Tips for temporarily continuing to share a home after break up include:
- Respecting their boundaries and sticking to yours
- Avoid getting pulled back into old relationship patterns
- Decrease expectations of each other
- Be respectful of them
- Allow them time to themself
- Ensure safety of pets, children, and other living beings in the home
How to Break Up When You Have Kids Together
Breaking up with someone you live with is even harder when children are involved. When parents do not get along during or after a relationship, this affects the children. “Parents who are unable to work together to raise their children either when they are living together and especially when they are not are not able to provide a stable and secure environment for their children. In such environments, children may feel insecure, anxious, and aggressive resulting in more behavior problems.”4
Hopefully both parties are on the same page with the goal of doing what is best for the children. There are many ways to co-parent effectively after a breakup, which should be the goal of both parties. Many find that co-parenting counseling can help.
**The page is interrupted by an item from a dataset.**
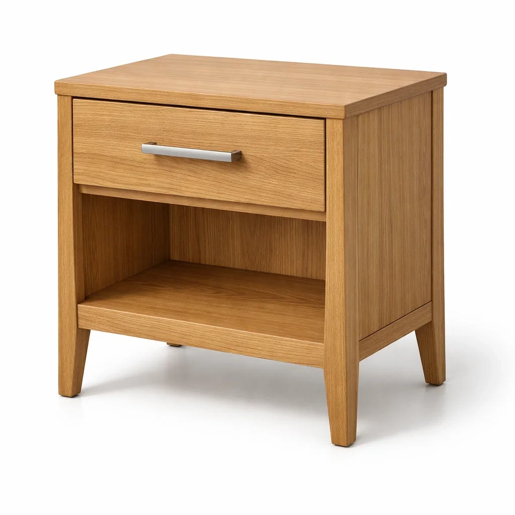 Il comodino è realizzato in legno di rovere con una finitura naturale. Misura 45 cm in lunghezza, 35 cm in larghezza e 55 cm in altezza.
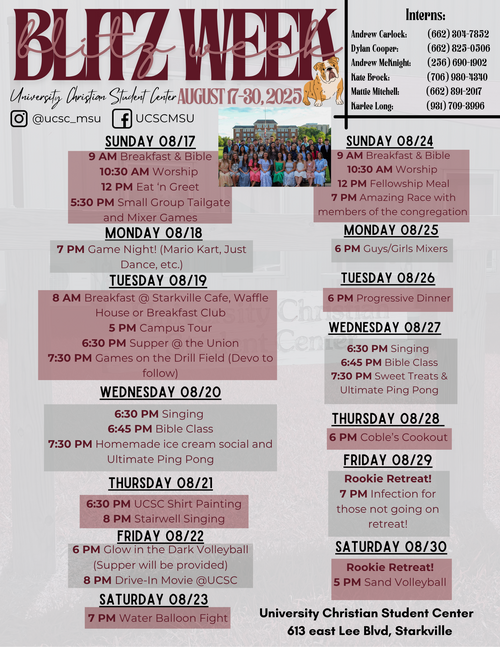 Whether you are a new student this Fall or returning, we would love to get to know you and invite you to be a part of the University Christian Student Center during our Bulldog Blitz events August 17-30th:

Some tips for breaking up when kids are involved include:
- Decide together what you’ll tell the kids before you talk to them
- Consider living arrangements after the break up
- Engage social supports through mutual and extended family, Godparents, etc
- Seek individual counseling to help you deal with feelings instead of involving or affecting the kids
- Co-parenting with the other parent should be a priority
- Do not speak badly about the other parent to the children
- Be open and honest to the children and allow them to ask questions
When to Seek Professional Help for a Break Up
There are many times that someone might consider therapy as they go through the stages of grief after a break up. Feeling depressed or hopeless, unable to shake the guilt from breaking up with someone, or feeling unable to sleep or eat are some signs that you may want to speak to a therapist. An online therapist directory is a good place to start your search, as they will often list the many online therapy options available.
In My Experience
Many of my clients struggle with guilt and remorse following the ending of a relationship, especially if they were the ones who made the decision to end. Having to end a relationship with someone who shares a living environment certainly adds to this stress. However, if both parties are respectful and considerate, then they usually both grow stronger in the relationship’s end.
However, if someone is leaving a relationship with someone who is abusive, then the breakup frequently changes to post separation abuse.